In the above solvent system, can allow the resolution of ansamitocin P2 and P3 be between suitable 0.5~2 if increase water with b component volume ratio, but too high target compound and the impurity resolution of then can making of volume ratio is less than minimum separation degree (1.5.Above separation condition is fit to room temperature and carries out under 15 to 35 degrees centigrade.The last sample concentration of HPCCC can be selected in 1~25mg/ml scope; Half preparation type counter current chromatograph separates flow velocity and can select within 5~20ml/min.

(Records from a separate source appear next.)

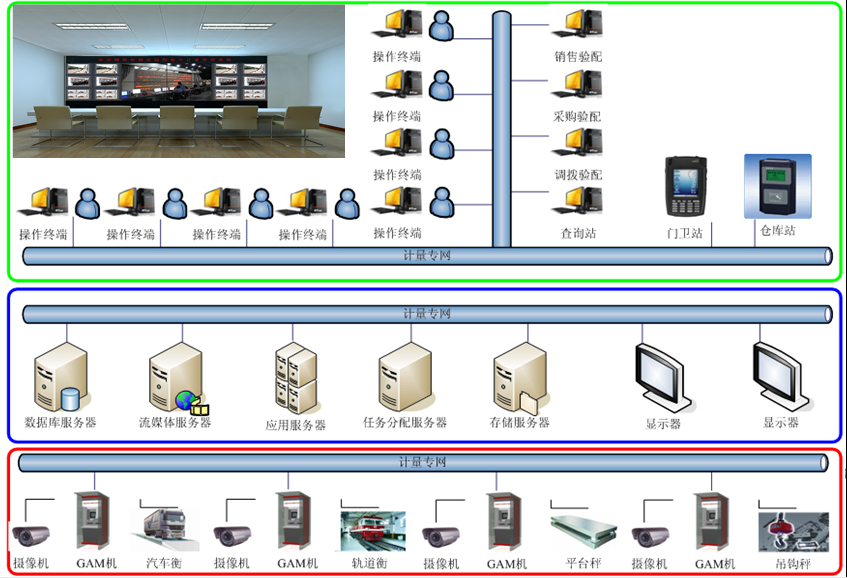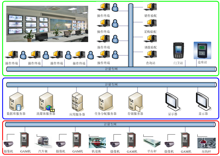 整個系統(tǒng)采用集中管理、分布監(jiān)控的設(shè)計模式,所有的業(yè)務(wù)數(shù)據(jù)(數(shù)據(jù)、語音、圖像、控制信號等)通過無人值守機(jī)(終端)和軟件系統(tǒng)進(jìn)行就地處理,通過計量專用光纖網(wǎng)絡(luò)與控制中心進(jìn)行交互。
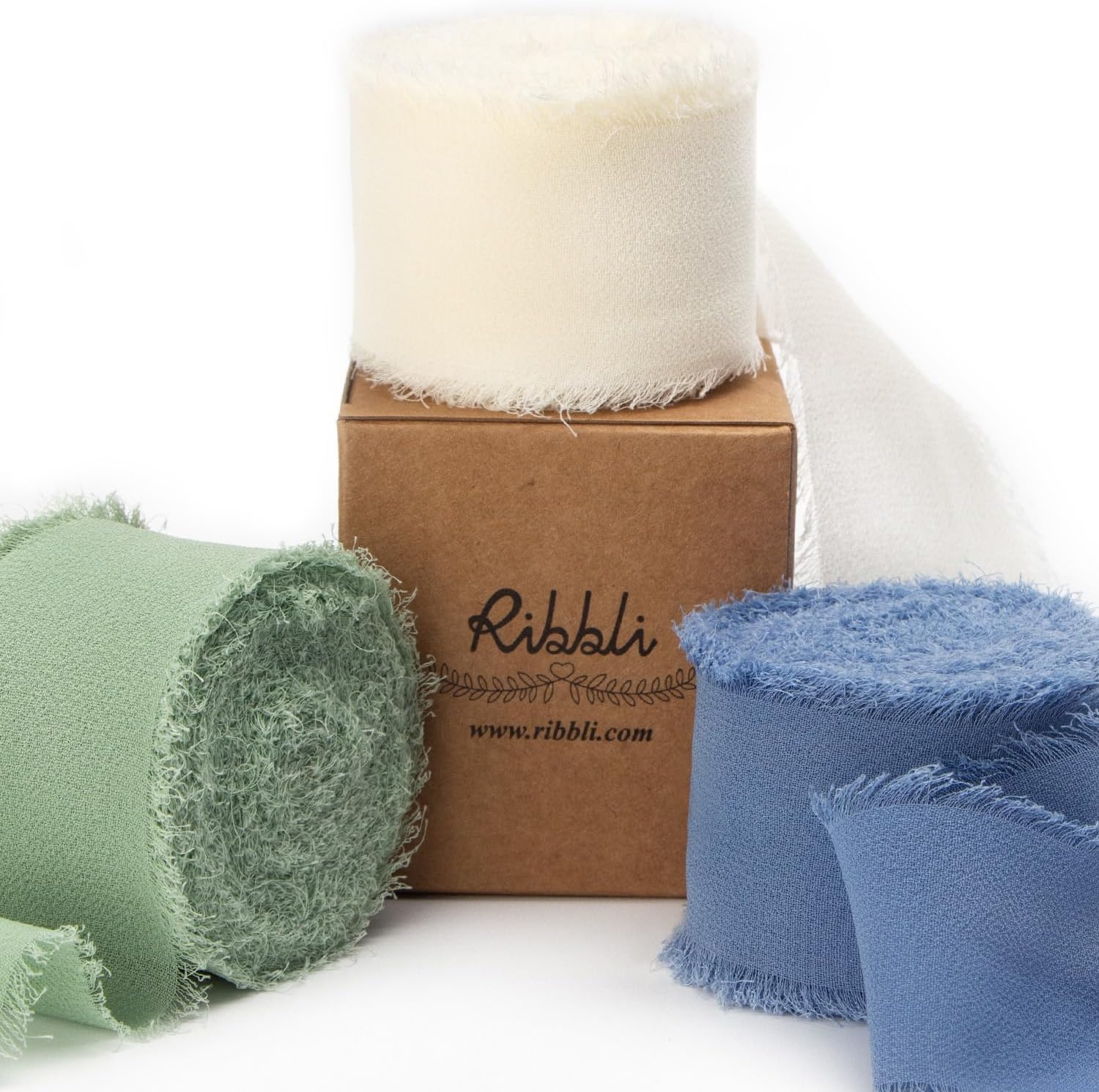 Ribbli Chiffon 1.5 Inch x 30 Yard Handmade Silk Ribbon - Ivory/Sage Green/Dusty Blue Fringe for Wedding Invitations, Bridal Bouquets, Wrapping, Flower Arrangement Decoration
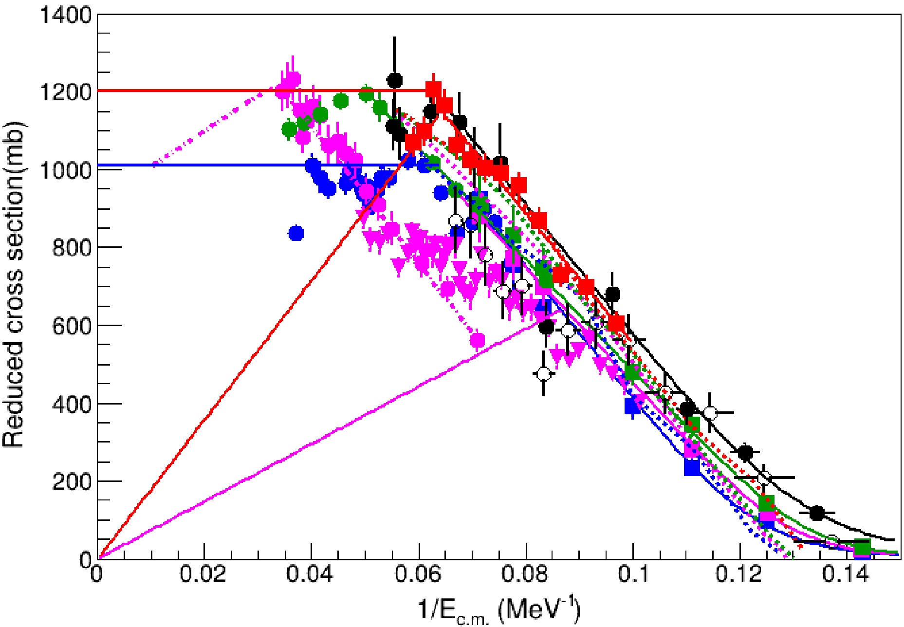 Figure 14. (color online) The reduced fusion cross section vs. the 1/
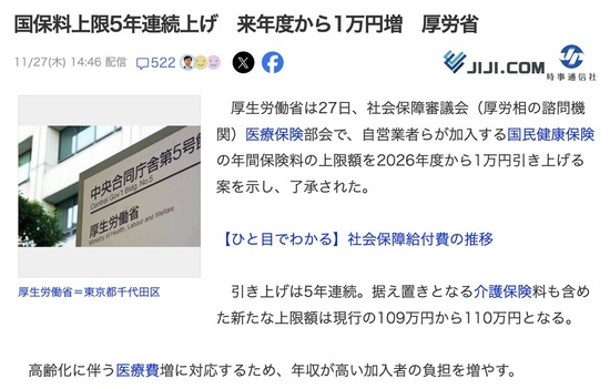 【悲報】国民健康保険料、2026年から引き上げ決定
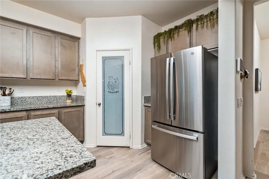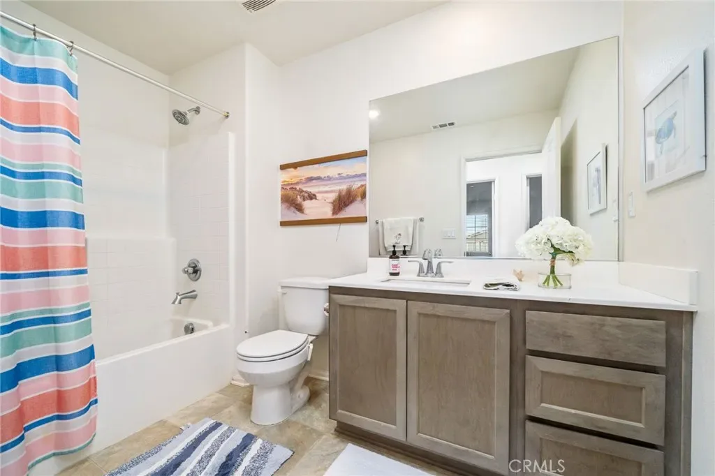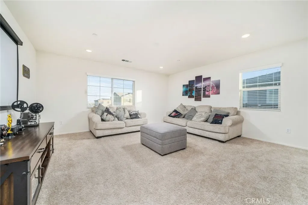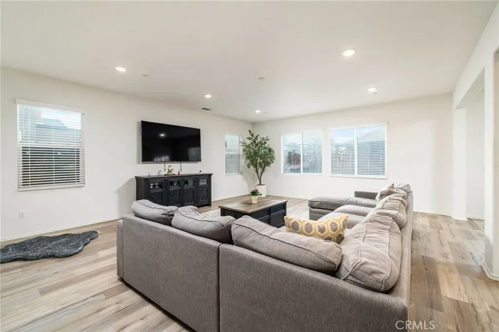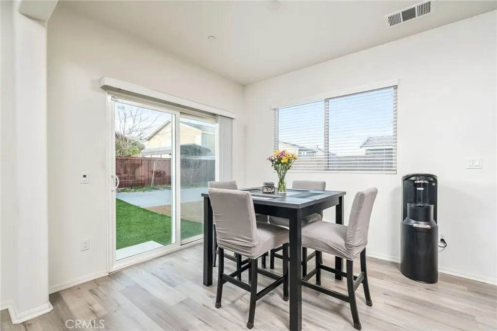 TURN KEY MULTI GENERATIONAL HOME WITH SOLAR IN DIAMOND RIDGE. Built in 2020 by Frontier Homes, this spacious and thoughtfully designed single-family residence offers a blend of modern comfort, functionality, and location. Featuring 5 bedrooms, 4 bathrooms, and approximately 2,915 square feet on a 7,300 square foot lot, this home provides ample room for everyday living and entertaining. A large open-concept great room welcomes you upon entry, seamlessly connecting the kitchen, dining, and living areas. Filled with natural light, this space feels open and inviting. The kitchen features granite countertops, a walk-in pantry, and pendant lighting over a generous island—ideal for meal prep or casual dining. The adjacent dining area makes hosting easy and convenient. Wide plank laminate wood flooring runs throughout the main living areas, offering both style and durability. The home also includes over $11,000 in builder upgrades, including flooring and window coverings. The versatile floorplan includes two downstairs bedrooms—one with an en-suite bathroom—ideal for guests or in-law living. Upstairs, a spacious loft offers flexibility for a media room, workspace, or additional living area. The primary suite features a large walk-in closet and an en-suite bathroom with dual vanities, a separate tub, and shower. Two additional bedrooms and an upstairs laundry room complete the upper level. The backyard is designed for both enjoyment and low maintenance, featuring artificial turf, a large storage shed, and a variety of fruit trees including grapes, pears, figs, peaches, apples, plums, and watermelon. Additional highlights include a two-car attached garage, extended driveway for extra parking, and NO HOA. A solar system at $157 per month helps keep electricity costs low. Ideally located less than one mile from Vista Verde Elementary, under two miles from Silverado High School, and one mile from Mesa Linda Park. Adelanto Marketplace—featuring Stater Bros., Starbucks, Walmart, and more—is just 1.5 miles away.
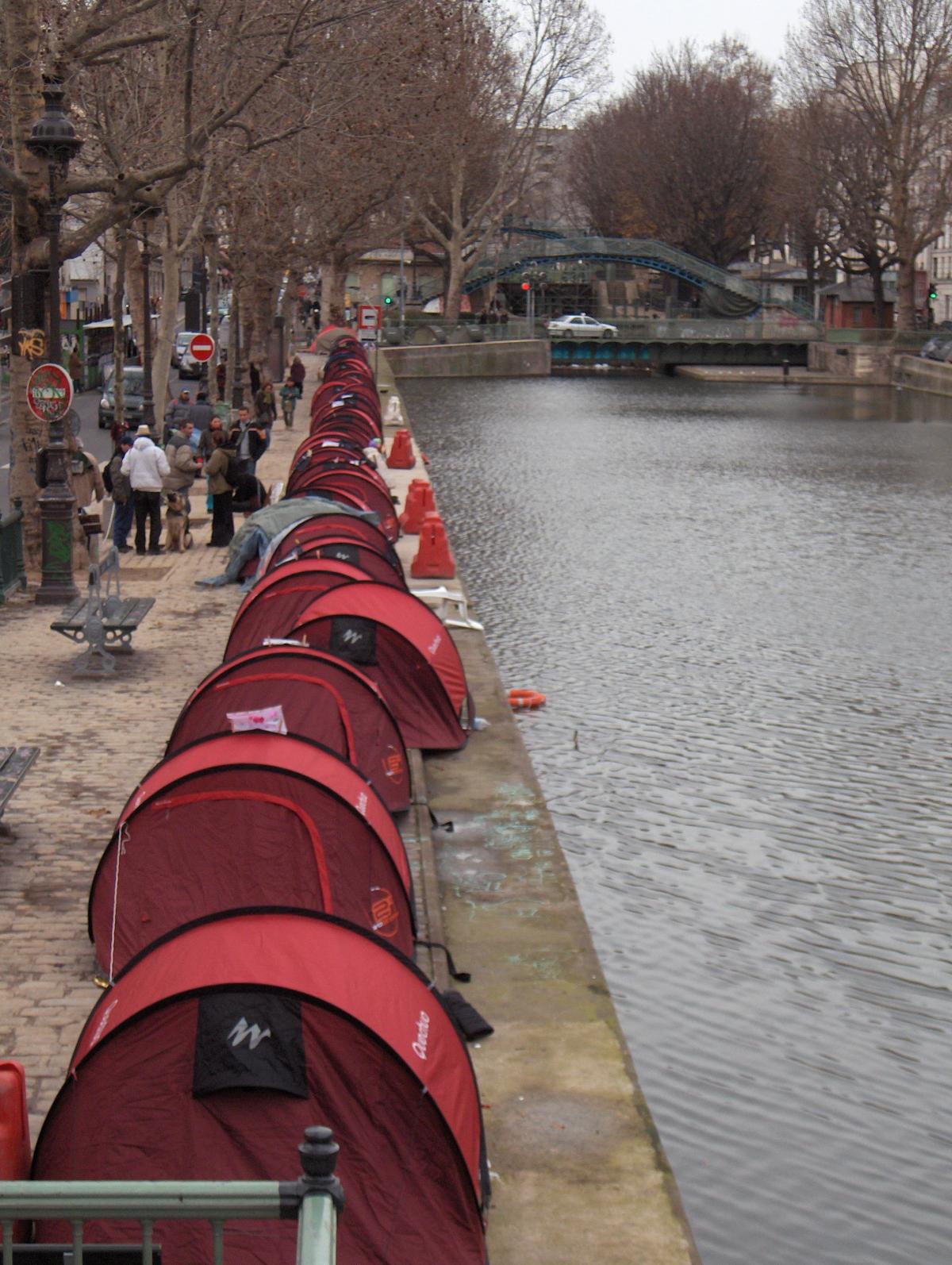 à 4 mois de l'élection présidentielle, campement de 250 tentes sur les bords sur le canal Saint-Martin à Paris, à l'appel de l'association
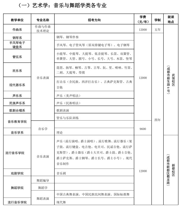 四川音乐学院2021年艺术类本科招生简介(非四川考生)

Beneficial effect of the present invention is: the inventive method can be creationary once simultaneously efficiently from precious orange synnema actinomycetes fermentation crude extract separation and purification obtain highly purified ansamitocin P2 monomer and ansamitocin P3 monomer.Under preparative scale scale, both purity all can reach 98%, and its rate of recovery can reach 80%.The inventive method is easy simultaneously, and is efficient, fast, has good application prospects.Be applicable to various model counter current chromatograph separating and purifying ansamitocin monomer P2 and P3.As preparing with a small amount of preparation of analysis mode high performance counter current chromatograph, a large amount of preparations of half preparation type high performance counter current chromatograph and the technical grade of preparation type high performance counter current chromatograph.
Description of drawings
Ultraviolet detection collection of illustrative plates when Fig. 1 is embodiment three lock out operation.Wherein mark 1 and be ansamitocin P2,2 is ansamitocin P3.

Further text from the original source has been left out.